• _How to complete this task_
Retype the records below from their first line through the line holding "563 Eastern Crowned", including both ends and no pictures.

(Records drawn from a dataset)

※ ※ ※

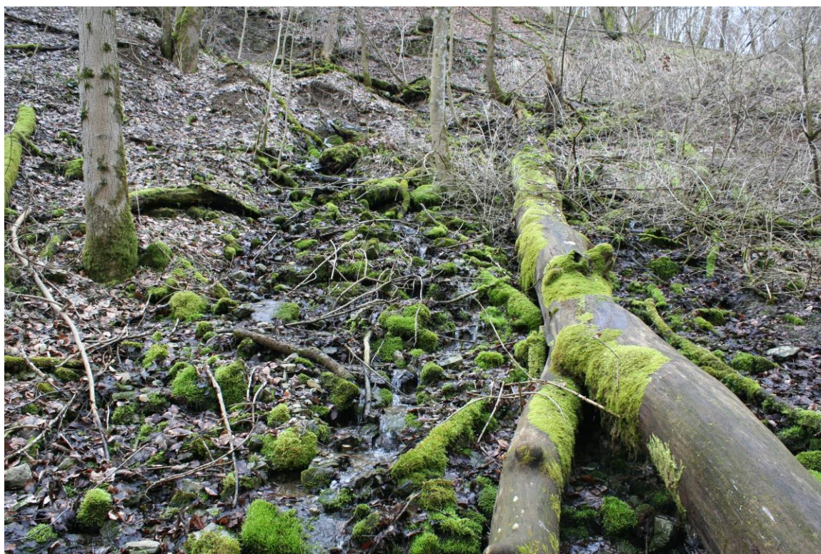
Abb.: Quellgebiet am Heiligenberg
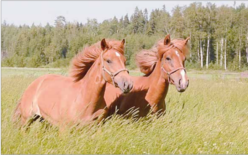
Talli Kahden Kimppa on yksivuotiaiden suomenhevostammojen Äkkilähtö ja Manun Mayan muodostama hevostam, josta löytyy lisää tietoa tallin Facebook-sivulta.

- Yleensä kimppaomistuksessa tullaan osakkaiksi yhden hevosen omistajiksi,
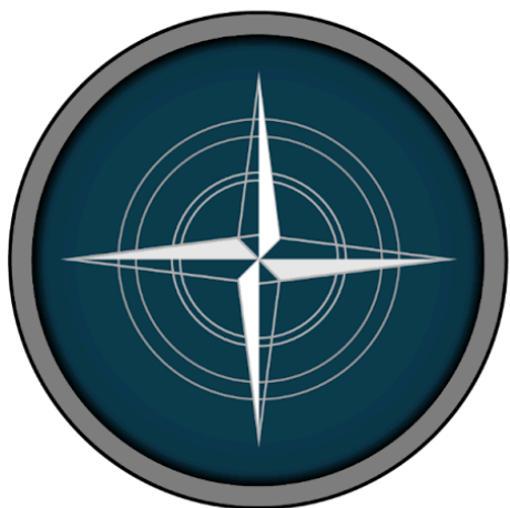
Rosa dos ventos Bússola
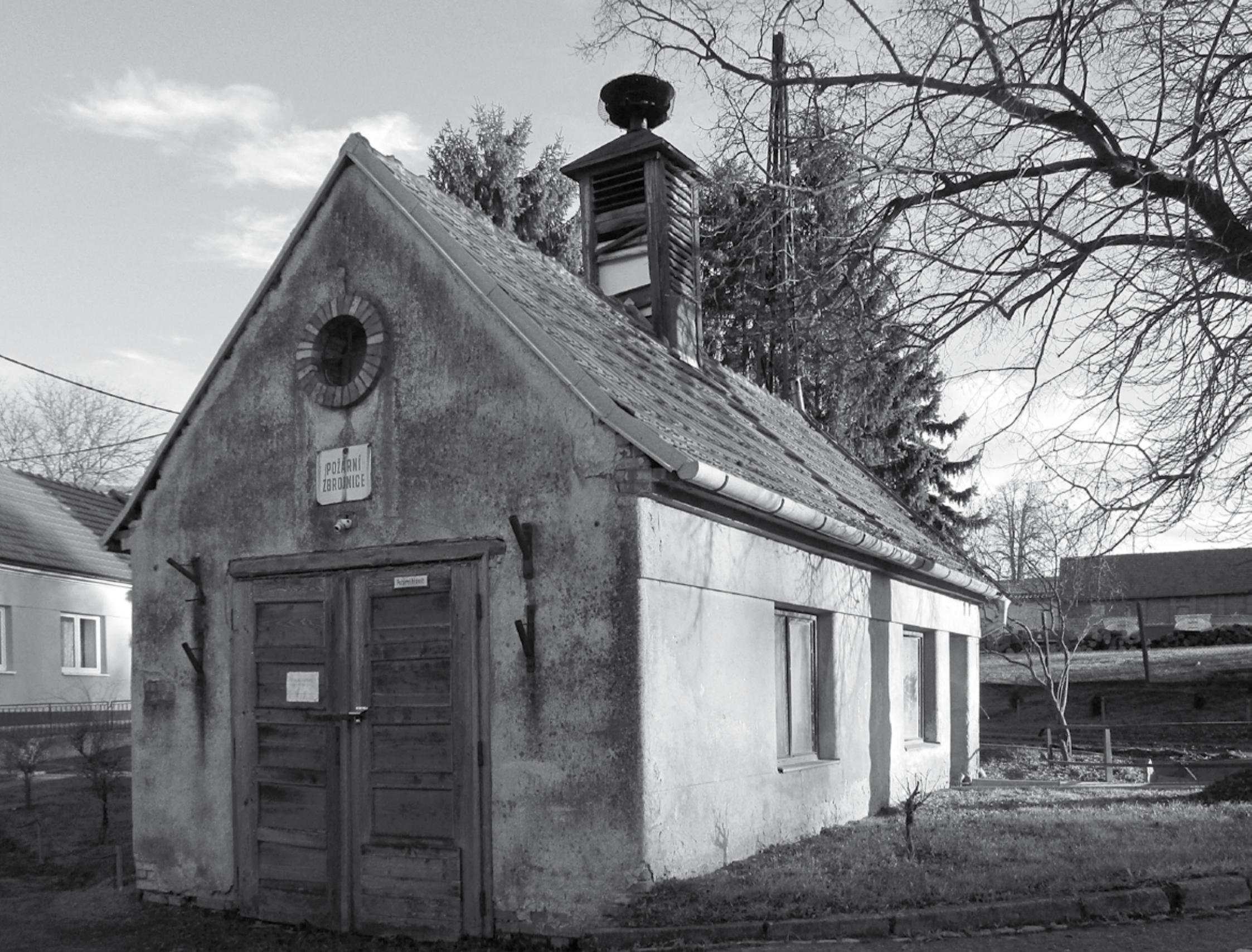
Hasičská zbrojnice Bohumilice
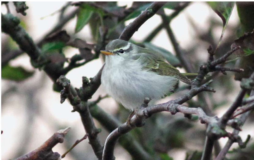
563 Eastern Crowned Warbler / Kroonboszanger Phylloscopus coronatus , Helgoland, Schleswig-Holstein, Germany, 16 October 2012 ( Jochen Dierschke )
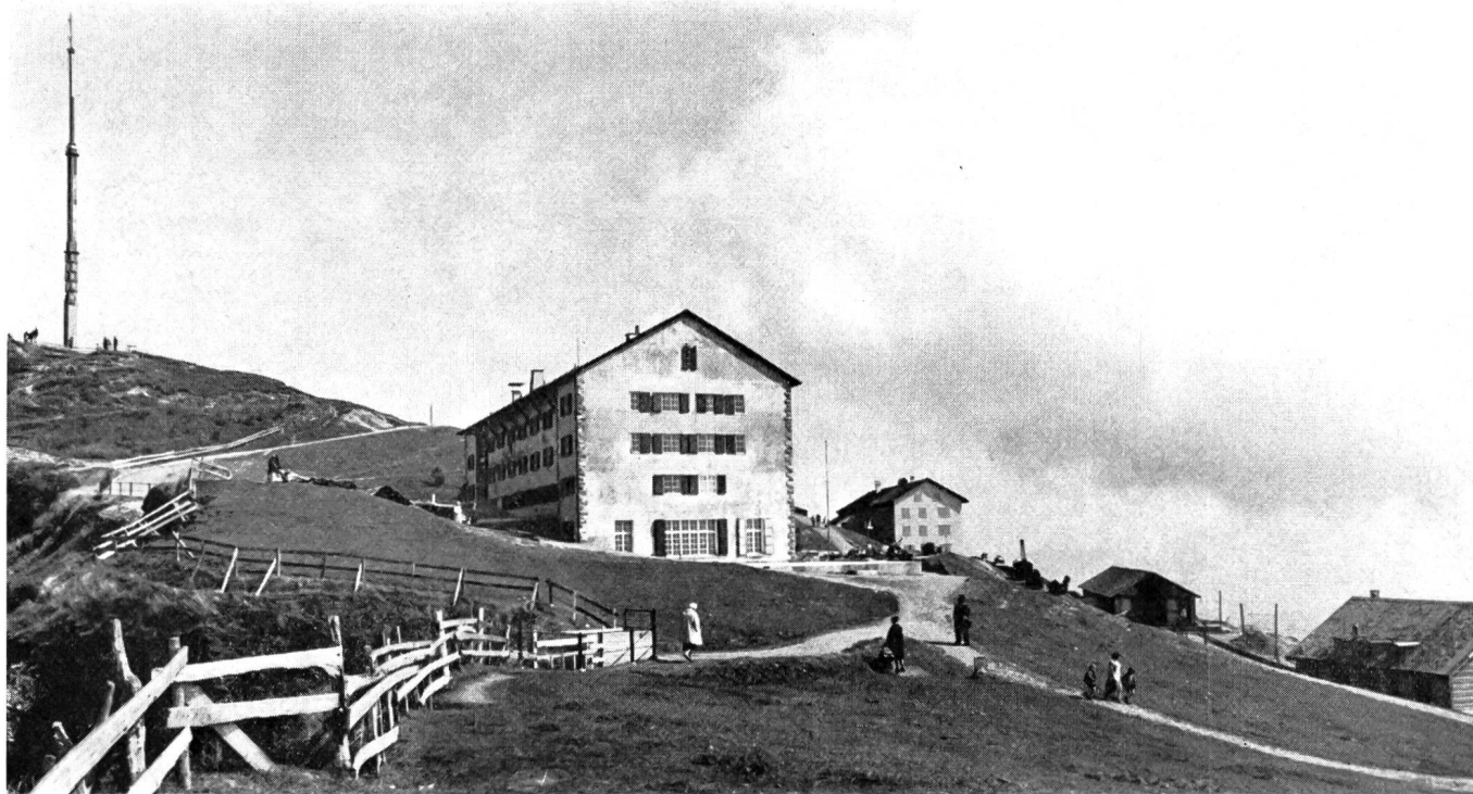
Rigi-Kulm mit (von links nach rechts) Antennenturm, Kulm-Hotel, Dependence/PTT-Betriebsgebäude, Bahnschuppen und Bergbahnstation

Ebenso falsch sei übrigens die von gleicher Seite aufgestellte Behauptung, durch eine systematische Unterdrückung grösserer
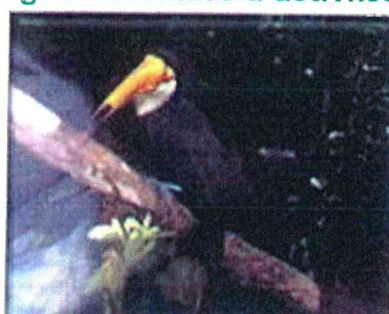
VISITE AU ZOO
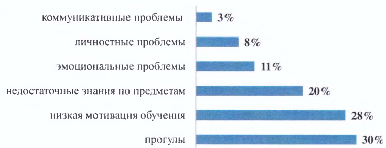
Рисунок 1. «С какими проблемами приходят выпускники детских домов и коррекционных школ?»

выпускники детских домов и коррекционных школ?» ответы распределились следующим образом:
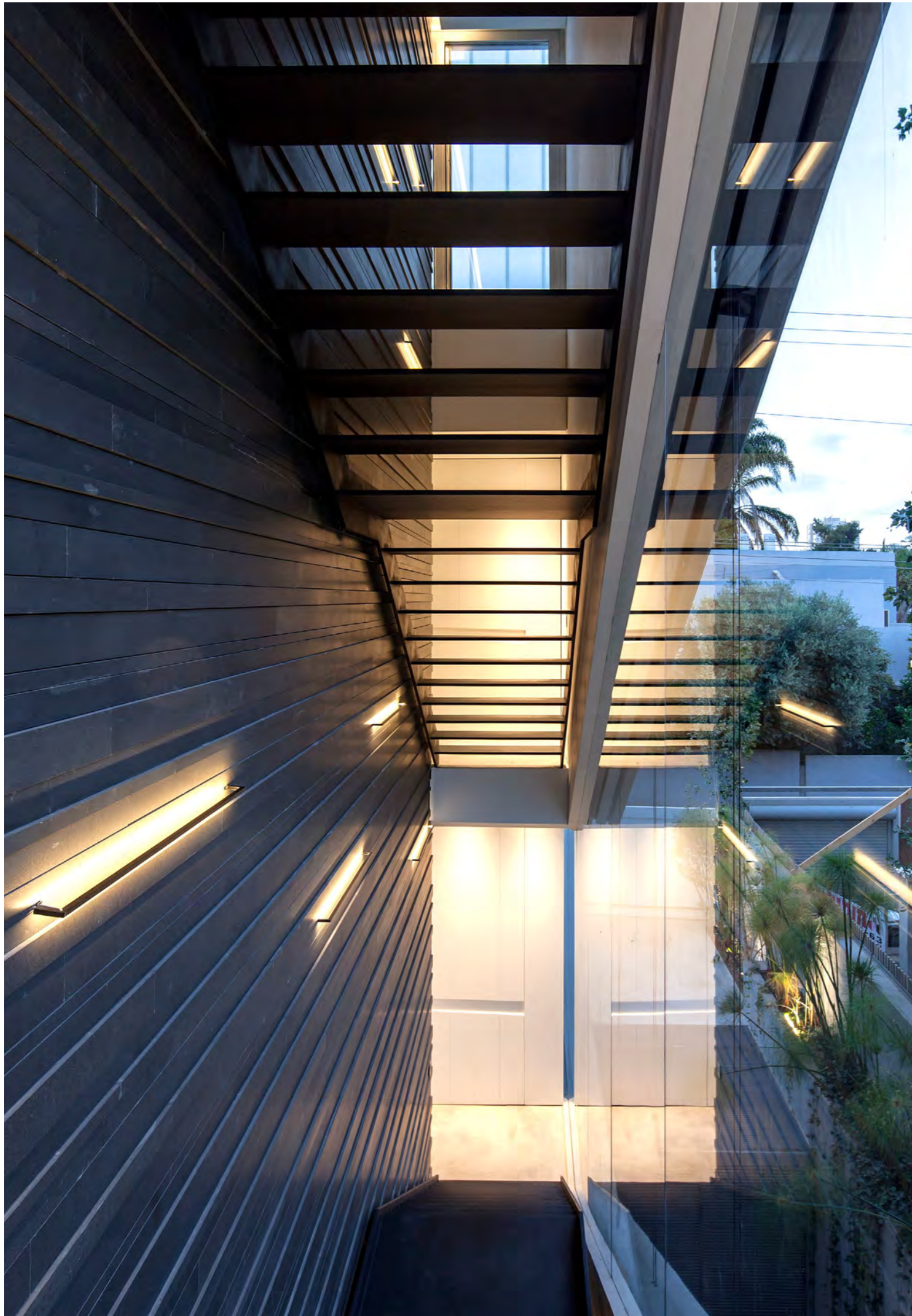
בקיר הבזלת מושתלים גופי תאורה ומסמלים היעדרות נוכחת - היעדרות של גופי התאורה ונוכחות האור

בית שתכנן האדריכל פיזו קדם הוא יצירה אדריכלית הטומנת בחובה משחק בין מסות, שמתאפשר בזכות השימוש בחומרים שבאים מעולמות מנוגדים כמו הבטון הגולמי, האל-זמני, והזכוכית האלגנטית. בבסיס התכנון נמצא הקו שבפשטותו מסוגל לבטא את הרעיונות המורכבים ביותר כמו תנועה או התכנסות, לצד היכולת לבטא גבול - כזה התחום בין עולמות ובו בזמן מפגיש ביניהם זה לצד זה. ככזה, הוא קו הגבול שבין החומרים הללו, שמפריד ביניהם ומפגיש אותם סימולטנית. במבנה הזה הקו משמש כגבול בין חומרים אך לא רק, אלא גם מחדד את תנועתיות הבית ממזרח או מגלה את התנועה שבתוך הבית כשהוא פוער חלון בבטון מדרום. כך נוצרה מעטפת מינימליסטית שמציגה לראווה שלוש מסות העומדות זו על זו, היוצרת תחושת אי-נוחות אצל המתבונן לגבי הקונסטרוקציה שלא ברור בה איך כל מסה תומכת או נתמכת בשנייה וכיצד המבנה עומד איתן ויציב.
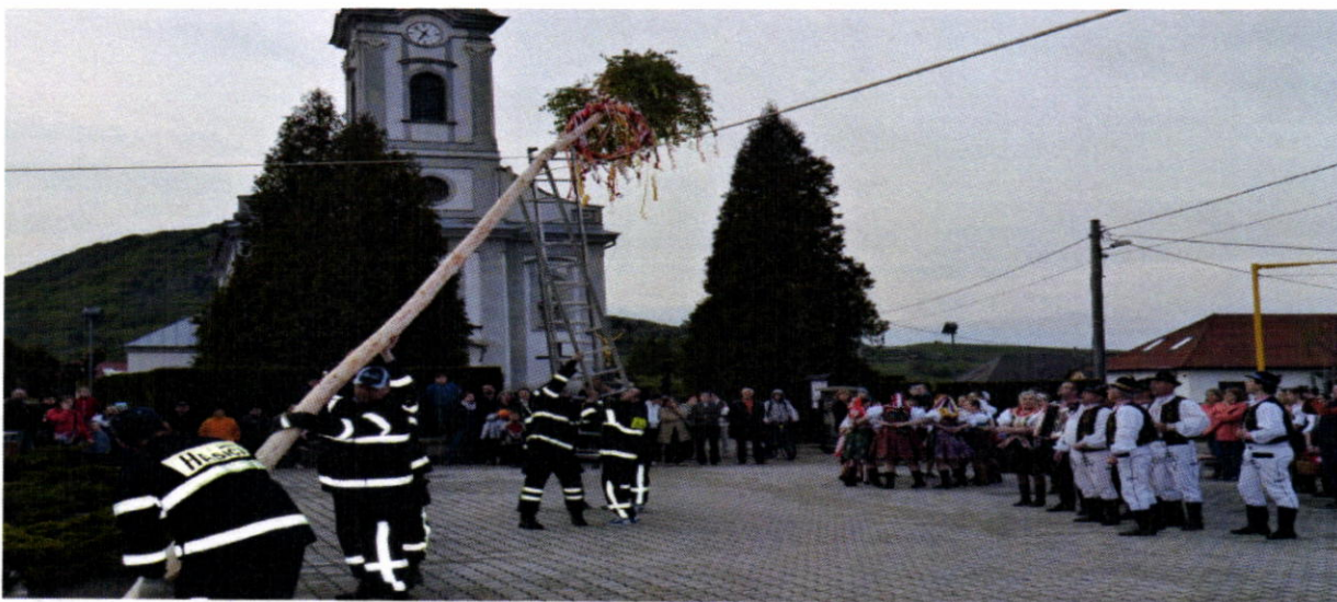
Stavanie mája pred kostolom sv. Martina

Počas letných mesiacov obec pripravila viaceré kultúrne podujatia v rámci Kapušianskeho kultúrneho leta . Stavanie mája pred kostolom sv. Martina spojené so zapálením vatry v parku svätých Cyrila a Metoda, Deň detí spojené so súťažou Kapušany majú talent, Deň matiek, Víkend otvorených parkov a záhrad spojený s Dňom otcov, dvojdňové podujatie Návrat do stredoveku.
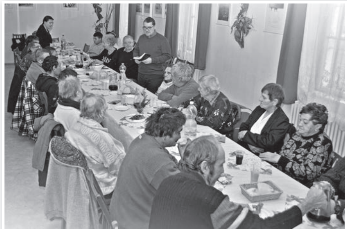
Karácsonyi szeretetvendégség a tolnai civil házban

A karitászt nem csak adni akar, néha kapnia is kell. Léleekben is. Ezt szolgálta az a január 5-i, szombat délutáni közös ünneplés, ahol ez alkalommal egymásnak is örülve – immár kifújva magukat – ök ülték, állták körül az ünnepi asztalt. (ká)
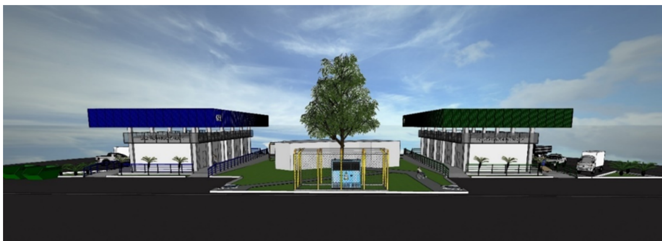
Figuras 05 – Projeto de 02 galpões frigoríficos
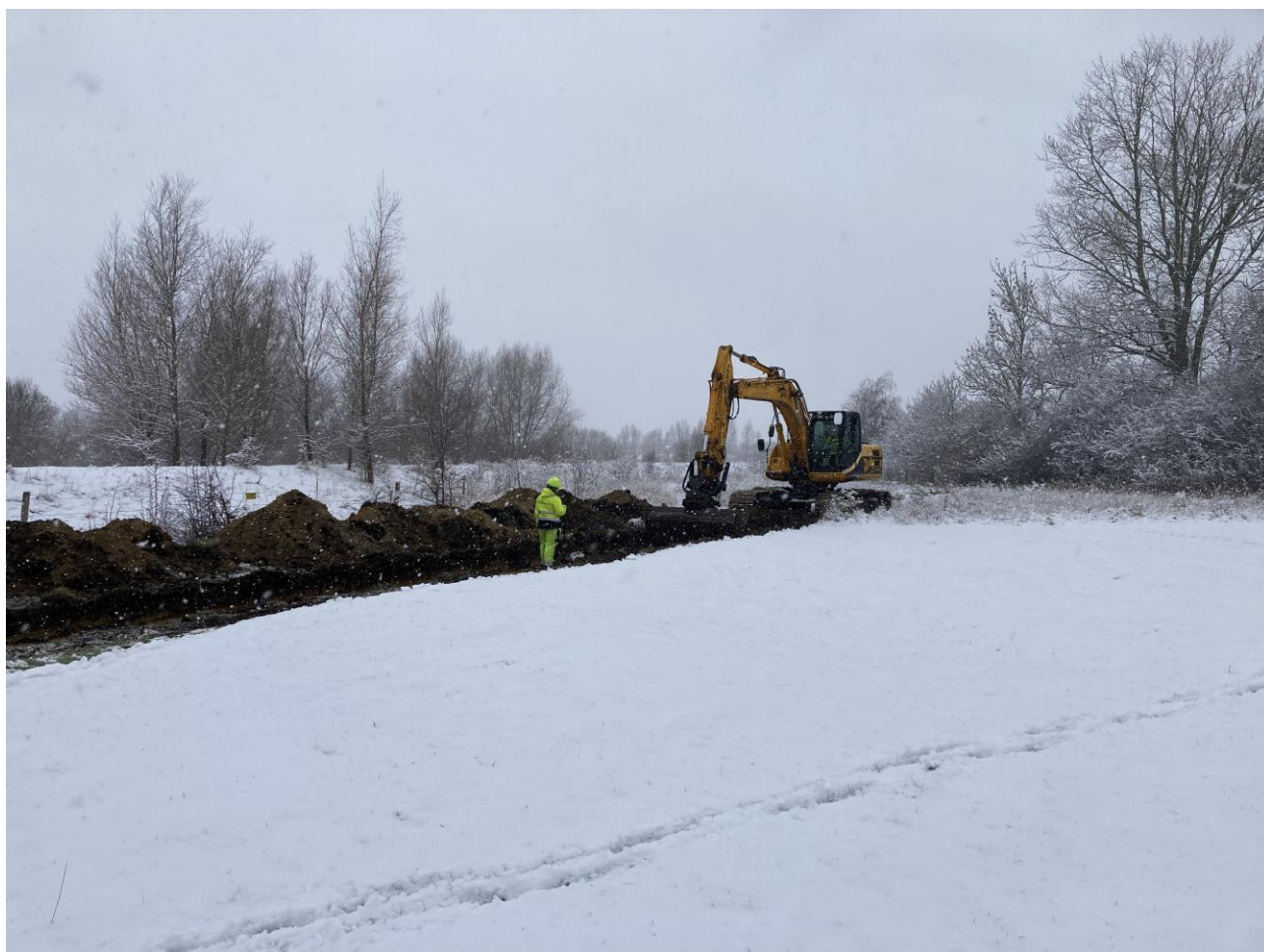
Fig. 2. Arbejdsfoto af grøft 1 åbnet i januar 2021.

Undersøgelsen konstaterede i alt 2 udaterede kogegruber muligvis fra oldtid, 2 udaterede stolpehuller formentlig fra oldtid, 1 nyere tids vejkasse, adskillige naturfænomener i form af rodvælttere, vådbundspletter, undergrundsvariationer og træstød, flere recente forstyrrelser bl.a. dræn, samt enkelte naturlige stenspor. Anlægsregistreringerne gav ikke anledning til yderligere arkæologisk undersøgelse.
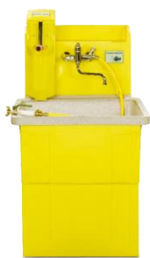
STROBBER WAW 800

※ ※ ※

• _Expected output_
Abb.: Quellgebiet am Heiligenberg
Talli Kahden Kimppa on yksivuotiaiden suomenhevostammojen Äkkilähtö ja Manun Mayan muodostama hevostam, josta löytyy lisää tietoa tallin Facebook-sivulta.

- Yleensä kimppaomistuksessa tullaan osakkaiksi yhden hevosen omistajiksi,
Rosa dos ventos Bússola
Hasičská zbrojnice Bohumilice
563 Eastern Crowned Warbler / Kroonboszanger Phylloscopus coronatus , Helgoland, Schleswig-Holstein, Germany, 16 October 2012 ( Jochen Dierschke )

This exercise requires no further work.